Week in Tech: Google says Allo – but will Lumia wave goodbye?


Fancy travelling at seven times the speed of sound while wearing a Google-branded VR headset, an Android Wear 2 smartwatch and playing the latest game from Metal Gear creator Hideo Kojima? Then have we got news for you: this week's Week in Tech has hypersonic flight, Google's gadget future, a whole world of wearables and some interesting Kojima news too.

IO, IO, it's off to Google we go

Google held its annual IO event this week, and while nobody threw anybody out of an aeroplane to demo Google Glass, there was plenty of tech to get excited about. From a super-powered replacement for Google Now to an Amazon Echo rival and a bunch of new messaging apps, we've rounded up the most important IO announcements for your excitement and delightment.

Will you want to wear Wear 2?

Google's still convinced that wearable tech is part of our hyper-connected future, and it's made some big changes to Android Wear. Version 2.0 is the first big update to the wearable OS, and it introduces improved connectivity, improved messaging, better fitness options and a whole bunch of watch faces. Gareth Beavis knows everything you need to know.

Allo allo, what's all this then?

Google continues its not-confusing-at-all policy of launching new messaging apps with Allo and Duo, which are both coming to iOS and Android. Allo – not, sadly, named after the cheesy UK sitcom Allo Allo – is designed to take care of all your messaging needs – including replying on your behalf – while Duo is for video chat. James Peckham and Parker Wilhelm explain what's new, and what it means for Hangouts.

What a day for a Daydream

Google Cardboard has a new, less cardboardy pal: Daydream, a Google-designed VR headset that will be made by third-party manufacturers. It's likely to be teamed with a new VR-friendly Nexus phone, and it's aimed squarely at the likes of Samsung's Gear VR and Facebook's Oculus Rift. Cameron Faulkner explains what Google's up to.

Guess who's back?

Hands up who loved Nokia phones back in the day? Well, now they're back! Back! BACK! A new company, HMD, has been created as a subsidiary of Foxconn to bring the Nokia brand back. Back! BACK! And there's good news for anybody who'd rather not run Windows on their Nokia: they'll be running Android. As John McCann points out, there's a lot of love for Nokia out there – here's hoping HMD doesn't take it for granted.

Guess who's borked?

Hands up who loves Nokia phones running Windows and who isn't Stephen Elop? Hmmm, as we thought – so it's no surprise that Microsoft appears to be canning its Lumia phone business.
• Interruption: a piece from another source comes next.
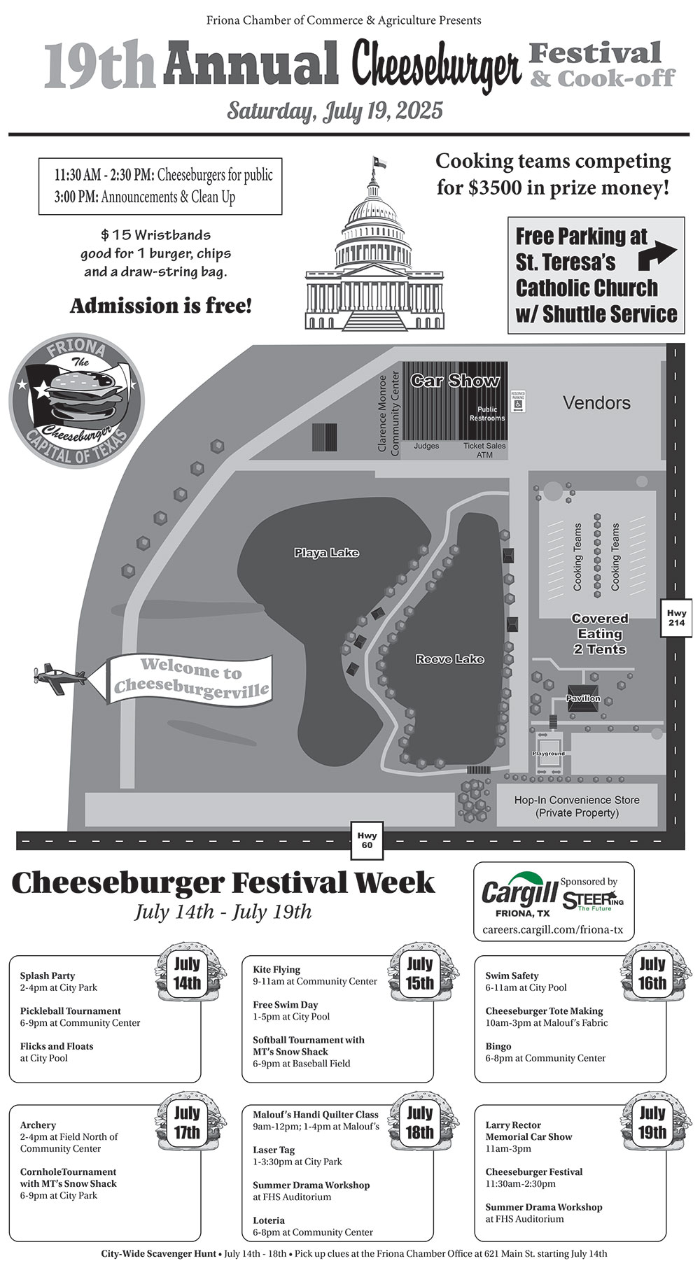 Let the Hunt Begin — A City-Wide Scavenger Hunt will kick off Cheeseburger Festival Week and runs from July 12-18. Pick up clues at the Chamber office at 621 Main on Monday. Call 806-250-3491 for more information.

Gareth Beavis thinks it's doing so to concentrate on the Surface brand, with a high-spec Surface in the works – although given Intel's recent retreat from the smartphone market, we're curious about the processors that would power it.

Hideo and seek

Metal Gear creator Hideo Kojima has been searching for something – and as Hugh Langley reports, we now know that something was a new game engine. "Speaking to an audience at Nordic Game 2016, Kojima revealed that the first game to be made by his independent studio, Kojima Productions, will use a third-party engine – although he didn't disclose which one." Kojima also told the conference that the first game will be bigger than he first envisioned. So there you have it: whatever it is, it's going to be big.

PC Dooooooooooom

Doom was hitting the headlines this week – and not just because of the excellent and ultra-violent reboot of the videogame classic. PC sales are continuing to take shotgun rounds to the face, although there's a glimmer of cheeriness in the form of Chromebooks, which are outselling Macs in the US. They're a lot cheaper than Macs, of course, but we'll take any good news we can get.
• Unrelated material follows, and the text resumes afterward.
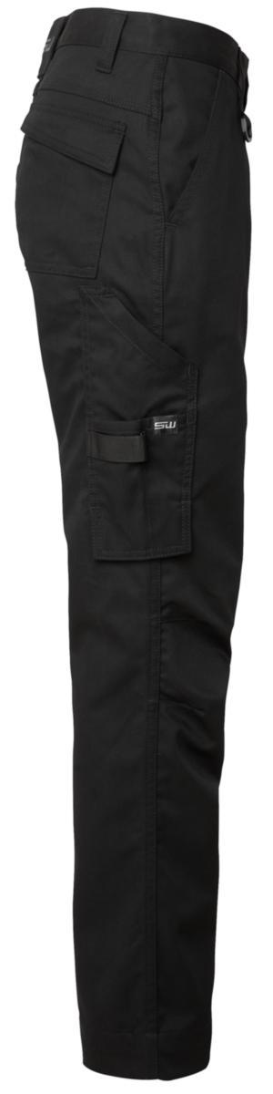 Servicebyxa i dampassform passande för många olika typer av yrken. Gjord i slitstarkt material med mekanisk stretch. Byxan har generöst med rymliga fickor, tumstocksficka och benficka med mobilficka. Förlängningsmöjlighet (5 cm) i benslut. Material: 65% polyester, 35% bomull, 265 g/m². Tvättråd: 60°.

How rubbish is your broadband? Netflix knows

Fed up with buffering? Don't blame Netflix: blame your ISP. That appears to be the motivation behind Netflix's new internet speed test, which can tell you your download rate on mobile and fixed line connections. It's not the first such service – everybody's used Speedtest.net already – but the Netflix test is purely focused on streaming performance.
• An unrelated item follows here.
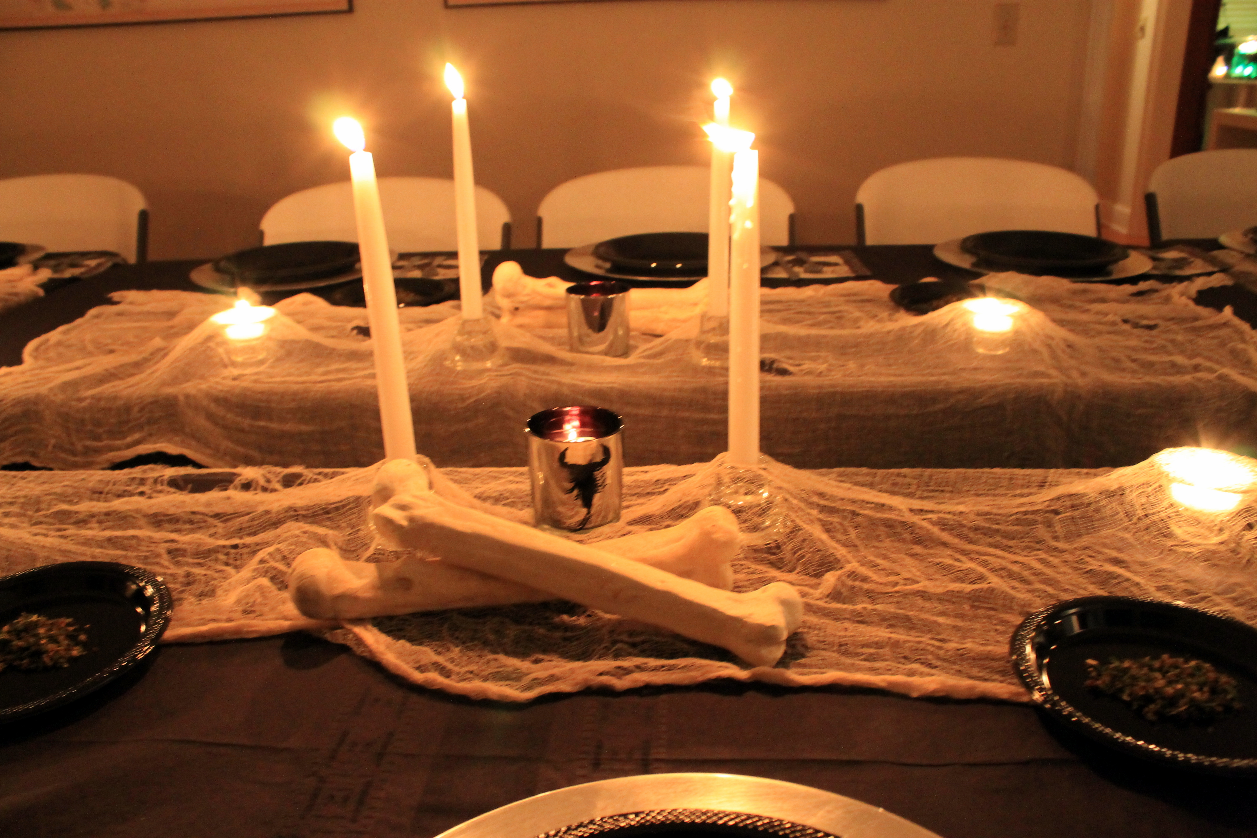SpellsConsole tablemantelfoodboo2You may have noticed a theme with the candles…we went a little heavy with the candles this year…we initially planned to do this outside, but then it rained so we moved to the living room as depicted above…

Feelin' hypersonic, bring us gin and tonic

Supersonic flight is so 20th Century – the 21st is all about hypersonic travel, with rockets promising to hurl us around the globe seven times faster than the speed of sound. As Duncan Geere explains: "The next generation of air travel just got a step closer, with the successful completion of a rocket test in the Australian desert that could one day lead to flights from London to Sydney taking as little as two hours." It'll still take longer than that to get through security, though.